→ **Your goal**
Find, in the records below, the line that contains "КРИМИНОГЕННЫЕ ЧСВыполнила ученица" and the line that contains "Airbnbと同じように、地図・価格帯などで絞り込みできる設計。". Copy those two lines and everything between them exactly, but not the pictures.

▼▼▼

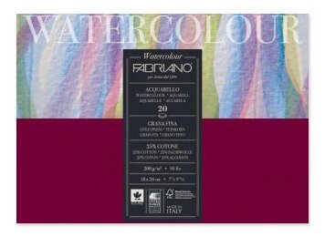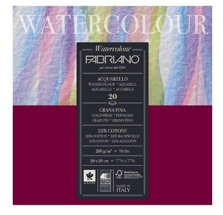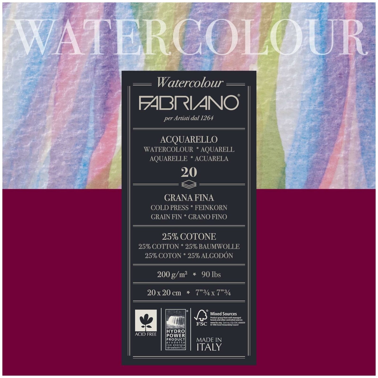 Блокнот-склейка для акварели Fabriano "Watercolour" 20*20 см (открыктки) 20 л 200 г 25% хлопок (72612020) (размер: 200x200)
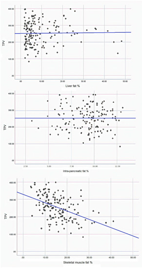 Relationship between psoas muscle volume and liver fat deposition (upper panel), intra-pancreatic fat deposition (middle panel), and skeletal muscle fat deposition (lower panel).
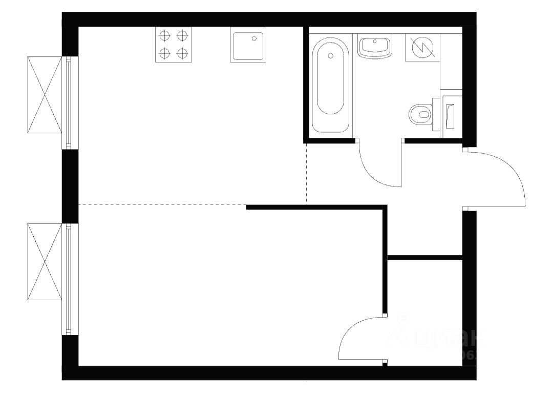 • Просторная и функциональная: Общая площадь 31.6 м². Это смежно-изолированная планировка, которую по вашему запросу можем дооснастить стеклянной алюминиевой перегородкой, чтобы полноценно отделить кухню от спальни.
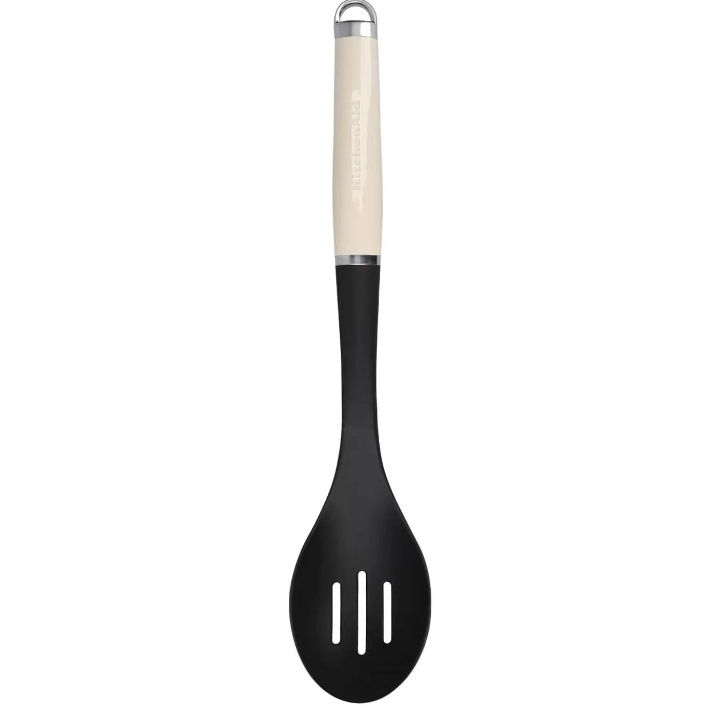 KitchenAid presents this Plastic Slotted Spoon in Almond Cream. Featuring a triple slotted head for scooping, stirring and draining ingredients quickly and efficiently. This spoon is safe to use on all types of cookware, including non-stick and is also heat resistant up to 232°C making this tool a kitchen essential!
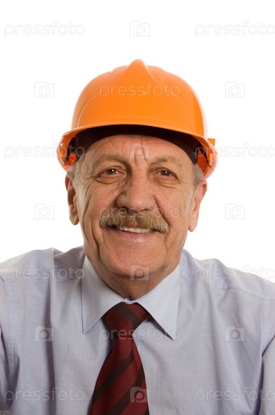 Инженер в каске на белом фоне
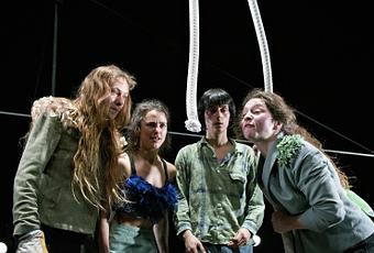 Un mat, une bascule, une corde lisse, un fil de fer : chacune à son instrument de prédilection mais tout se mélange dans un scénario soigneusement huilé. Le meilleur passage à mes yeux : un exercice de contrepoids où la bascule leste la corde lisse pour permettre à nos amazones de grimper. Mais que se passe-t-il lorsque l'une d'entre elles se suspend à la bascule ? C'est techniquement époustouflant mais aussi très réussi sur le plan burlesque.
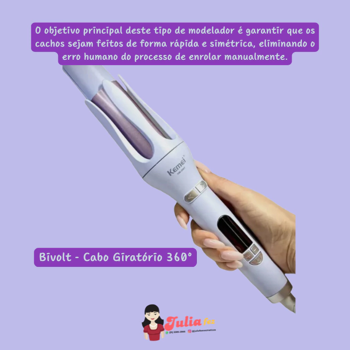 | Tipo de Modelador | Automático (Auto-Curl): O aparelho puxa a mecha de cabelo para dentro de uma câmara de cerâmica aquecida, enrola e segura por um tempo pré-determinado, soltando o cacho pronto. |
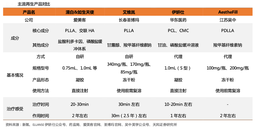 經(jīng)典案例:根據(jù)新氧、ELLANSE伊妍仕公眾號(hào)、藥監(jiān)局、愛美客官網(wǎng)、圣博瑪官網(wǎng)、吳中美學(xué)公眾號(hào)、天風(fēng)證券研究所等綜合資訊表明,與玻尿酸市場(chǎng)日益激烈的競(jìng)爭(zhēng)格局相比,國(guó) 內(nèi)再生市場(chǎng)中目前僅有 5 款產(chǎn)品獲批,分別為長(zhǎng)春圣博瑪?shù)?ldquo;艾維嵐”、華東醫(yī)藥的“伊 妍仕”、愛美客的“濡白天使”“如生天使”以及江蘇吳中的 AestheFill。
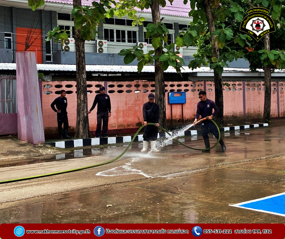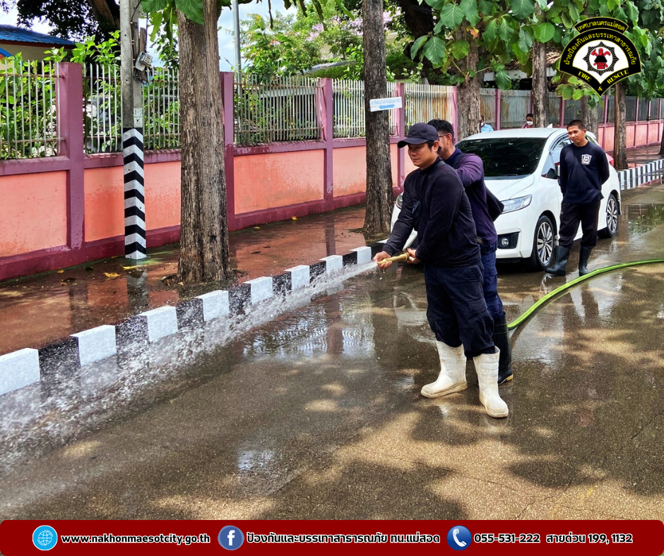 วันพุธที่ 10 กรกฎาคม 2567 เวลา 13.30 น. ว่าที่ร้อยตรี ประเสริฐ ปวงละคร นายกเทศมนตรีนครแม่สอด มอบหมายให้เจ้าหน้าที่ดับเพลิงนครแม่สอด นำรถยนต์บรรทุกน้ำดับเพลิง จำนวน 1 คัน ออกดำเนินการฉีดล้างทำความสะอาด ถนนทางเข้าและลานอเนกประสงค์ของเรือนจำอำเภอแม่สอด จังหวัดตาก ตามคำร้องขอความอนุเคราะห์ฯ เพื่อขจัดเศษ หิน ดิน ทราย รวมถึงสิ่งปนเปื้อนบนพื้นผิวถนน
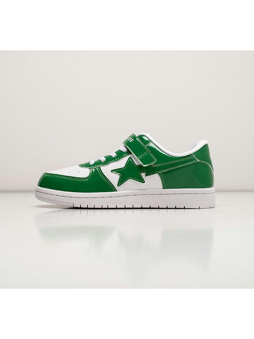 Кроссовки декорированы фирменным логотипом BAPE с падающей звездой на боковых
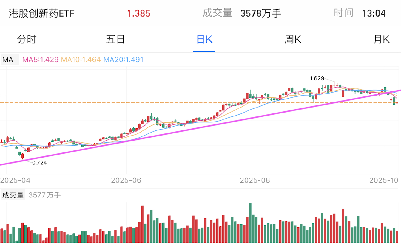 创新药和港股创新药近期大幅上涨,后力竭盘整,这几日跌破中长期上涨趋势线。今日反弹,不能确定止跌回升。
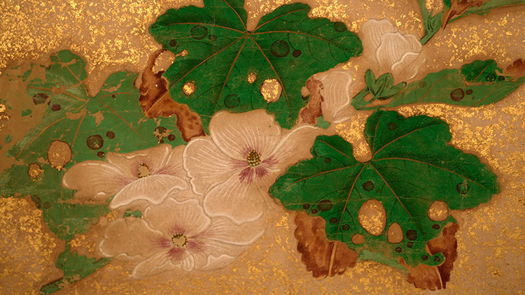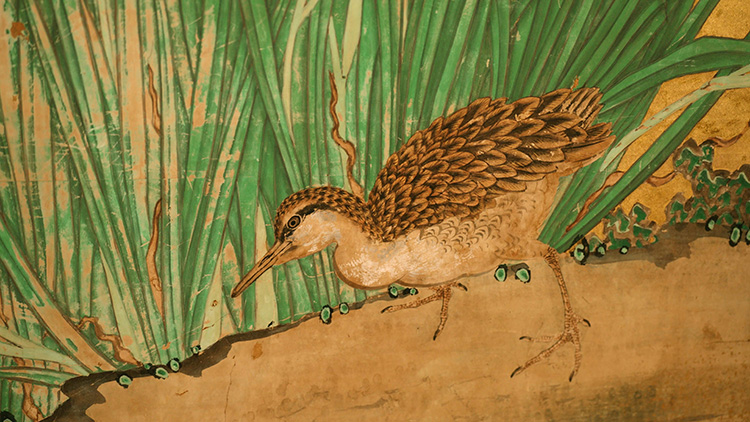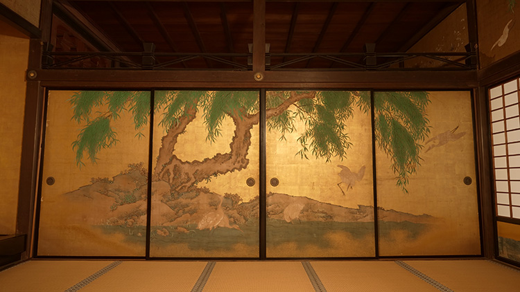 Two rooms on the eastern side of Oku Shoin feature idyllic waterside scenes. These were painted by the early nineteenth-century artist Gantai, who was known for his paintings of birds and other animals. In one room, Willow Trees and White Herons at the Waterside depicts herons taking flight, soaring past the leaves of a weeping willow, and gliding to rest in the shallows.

▲▲▲
▼▼▼

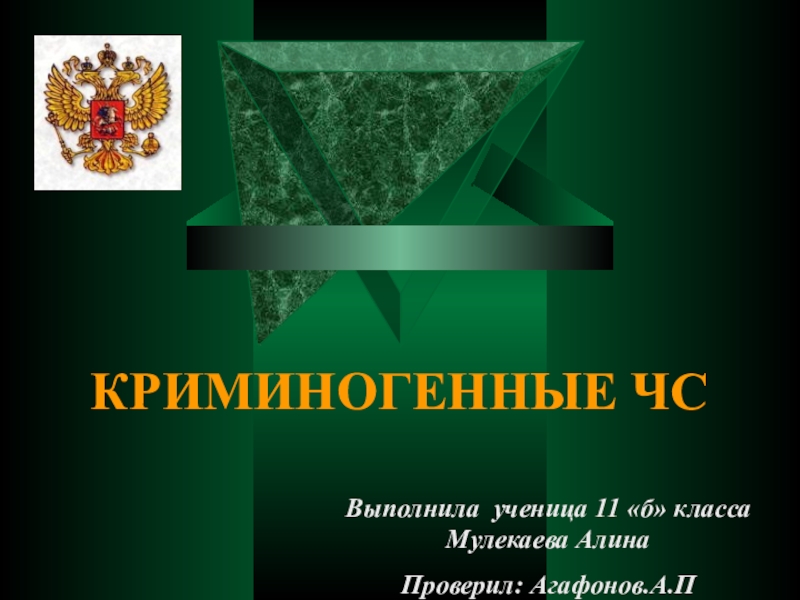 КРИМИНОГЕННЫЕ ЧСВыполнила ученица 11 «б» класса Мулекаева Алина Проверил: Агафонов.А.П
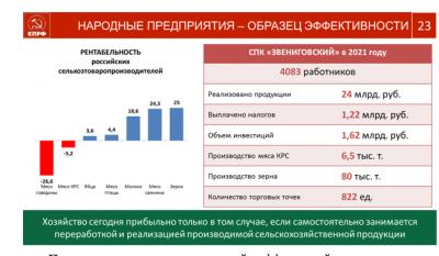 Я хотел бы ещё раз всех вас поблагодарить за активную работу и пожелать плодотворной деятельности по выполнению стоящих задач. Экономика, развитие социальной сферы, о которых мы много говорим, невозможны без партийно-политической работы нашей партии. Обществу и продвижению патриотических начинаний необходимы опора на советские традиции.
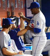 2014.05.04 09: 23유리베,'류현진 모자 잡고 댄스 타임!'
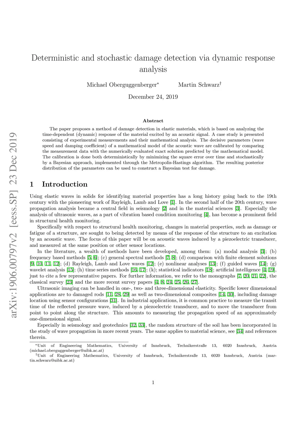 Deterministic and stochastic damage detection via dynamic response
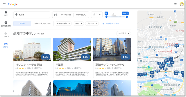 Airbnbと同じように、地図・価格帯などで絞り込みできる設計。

▲▲▲

→ **Solution to the exercise**
 КРИМИНОГЕННЫЕ ЧСВыполнила ученица 11 «б» класса Мулекаева Алина Проверил: Агафонов.А.П
 Я хотел бы ещё раз всех вас поблагодарить за активную работу и пожелать плодотворной деятельности по выполнению стоящих задач. Экономика, развитие социальной сферы, о которых мы много говорим, невозможны без партийно-политической работы нашей партии. Обществу и продвижению патриотических начинаний необходимы опора на советские традиции.
 2014.05.04 09: 23유리베,'류현진 모자 잡고 댄스 타임!'
 Deterministic and stochastic damage detection via dynamic response
 Airbnbと同じように、地図・価格帯などで絞り込みできる設計。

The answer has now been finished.